Key Takeaways
- The problem: AI is everywhere, but most teams mix up AI agents and agentic AI. This confusion leads to wrong implementations, overhyped expectations, and systems that either underperform or become too complex to manage.
- The solution: AI agents handle specific tasks with control and predictability, while agentic AI focuses on achieving broader goals with autonomy and adaptability. The real value comes from knowing when to use each and how they can work together.

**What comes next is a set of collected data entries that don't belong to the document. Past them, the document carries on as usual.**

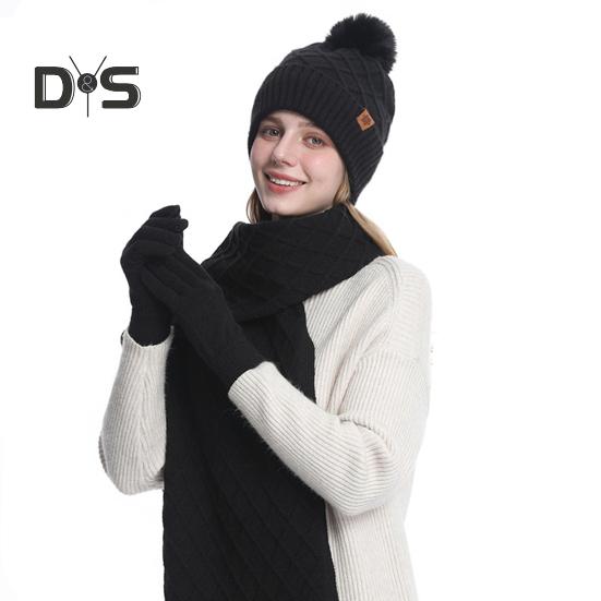 3 шт./компл. Зимняя шапка, шарф, перчатки, комплект, женская плюшевая шапка-бини с декором в виде мяча, вязаный длинный шарф, перчатки для сенсорного экрана, комплект, ромбовидная текстура, плюшевая подкладка, теплый комплект чёрный
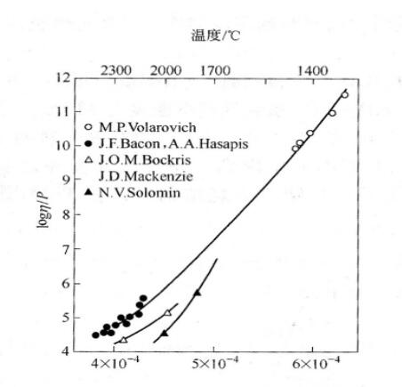 雖然B2O對SiO2熔化溫度的影響極為明顯,但由于石英玻 璃的黏度很大(見下圖,在1730℃時約為2xl06Pa.s),而B2O本身亦為玻璃網絡結構形成物,所以少量B2O加進SiO2材料中不會造成SiO2玻璃網絡結構產生大的破壞而影響SiO2熔 體的黏度。這表明,硅質干式打結料采用B2O作燒結劑時,既 能使感應爐內襯工作表面在較低溫度下燒結,又能保證在高溫 使用時工作表面為一高黏滯層。這種工作表面能阻止金屬熔體和熔渣的滲透、沖刷和侵蝕。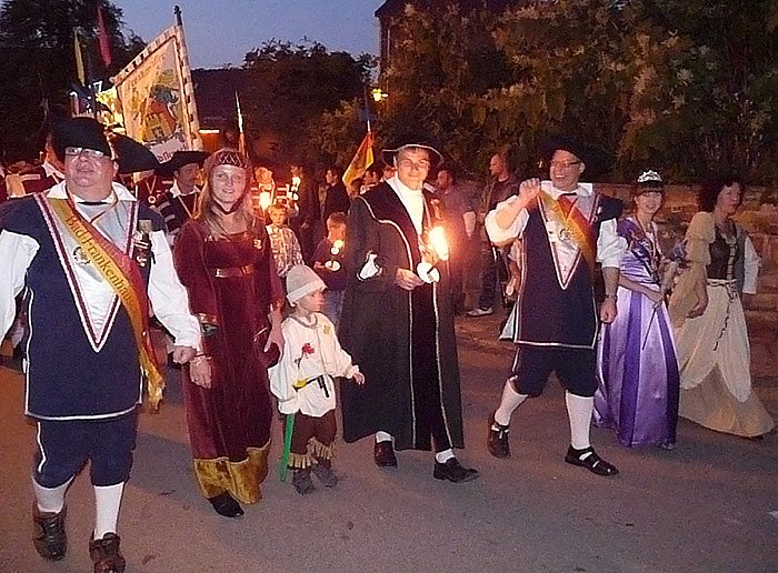 Eindrucksvoller ist es aber, wenn man wartet und der ganze Zug durch Bad Frankenhausen unterwegs war, und dann bei nun schon Dunkelheit den ganzen Zug genießt. Da kommen die Fackeln erst richtig zu ihrer Geltung. Wer allerdings flinke Füße hat, der schaut sich den Zug im Hellen an und läuft dann die paar Schritte zum Untergelgen an die Stadtmauer.

- How SoluLab helps: SoluLab designs AI systems with the right balance of control and autonomy. As an AI-native company, we use AI in our workflows to deliver faster and at a lower cost while building scalable, secure, and production-ready solutions.

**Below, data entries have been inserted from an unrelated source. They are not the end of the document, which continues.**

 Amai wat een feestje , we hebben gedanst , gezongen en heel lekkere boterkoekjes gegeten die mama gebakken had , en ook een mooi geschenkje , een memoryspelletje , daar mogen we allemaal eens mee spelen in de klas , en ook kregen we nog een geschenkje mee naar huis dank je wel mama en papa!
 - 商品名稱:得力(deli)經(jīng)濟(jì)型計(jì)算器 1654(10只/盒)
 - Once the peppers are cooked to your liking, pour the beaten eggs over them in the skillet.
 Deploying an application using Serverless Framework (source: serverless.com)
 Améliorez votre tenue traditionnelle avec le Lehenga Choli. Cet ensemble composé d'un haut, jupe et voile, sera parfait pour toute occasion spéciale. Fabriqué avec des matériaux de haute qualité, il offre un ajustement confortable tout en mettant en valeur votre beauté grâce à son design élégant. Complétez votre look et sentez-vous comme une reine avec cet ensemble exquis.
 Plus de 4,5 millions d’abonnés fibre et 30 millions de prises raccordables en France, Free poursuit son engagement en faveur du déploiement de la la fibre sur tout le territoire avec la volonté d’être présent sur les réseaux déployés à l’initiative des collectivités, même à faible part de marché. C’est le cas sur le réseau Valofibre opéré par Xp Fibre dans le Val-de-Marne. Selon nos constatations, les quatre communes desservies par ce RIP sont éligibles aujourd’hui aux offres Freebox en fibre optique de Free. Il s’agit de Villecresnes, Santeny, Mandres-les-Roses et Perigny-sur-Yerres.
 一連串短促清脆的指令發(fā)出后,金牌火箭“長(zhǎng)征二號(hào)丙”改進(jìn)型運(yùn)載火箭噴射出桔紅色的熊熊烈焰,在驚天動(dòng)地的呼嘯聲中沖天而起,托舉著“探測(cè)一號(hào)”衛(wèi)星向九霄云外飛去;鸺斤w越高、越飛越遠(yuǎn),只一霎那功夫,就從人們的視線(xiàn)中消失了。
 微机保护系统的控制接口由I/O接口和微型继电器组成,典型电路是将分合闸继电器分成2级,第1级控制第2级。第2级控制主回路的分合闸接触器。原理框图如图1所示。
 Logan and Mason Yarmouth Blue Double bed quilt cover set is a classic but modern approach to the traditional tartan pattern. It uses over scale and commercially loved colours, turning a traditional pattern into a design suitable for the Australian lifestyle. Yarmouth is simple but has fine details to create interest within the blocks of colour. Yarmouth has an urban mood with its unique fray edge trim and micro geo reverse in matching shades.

AI agents and agentic AI are often used interchangeably, but they’re not the same. Both aim to automate work, reduce manual effort, and improve decision-making, yet they operate at very different levels.
AI agents are built to handle specific tasks within a defined scope, making them reliable for structured workflows. Agentic AI, on the other hand, is designed to pursue broader goals, plan actions, and adapt in real time.
This shift moves AI development from being a tool you use to something that can act on your behalf. Understanding the difference is important because it directly impacts how you design systems, manage risk, and scale automation across your business.
What are AI agents?
An AI agent is designed to handle a specific task within a defined scope. It takes input, decides what to do next, and then performs an action to move the task forward.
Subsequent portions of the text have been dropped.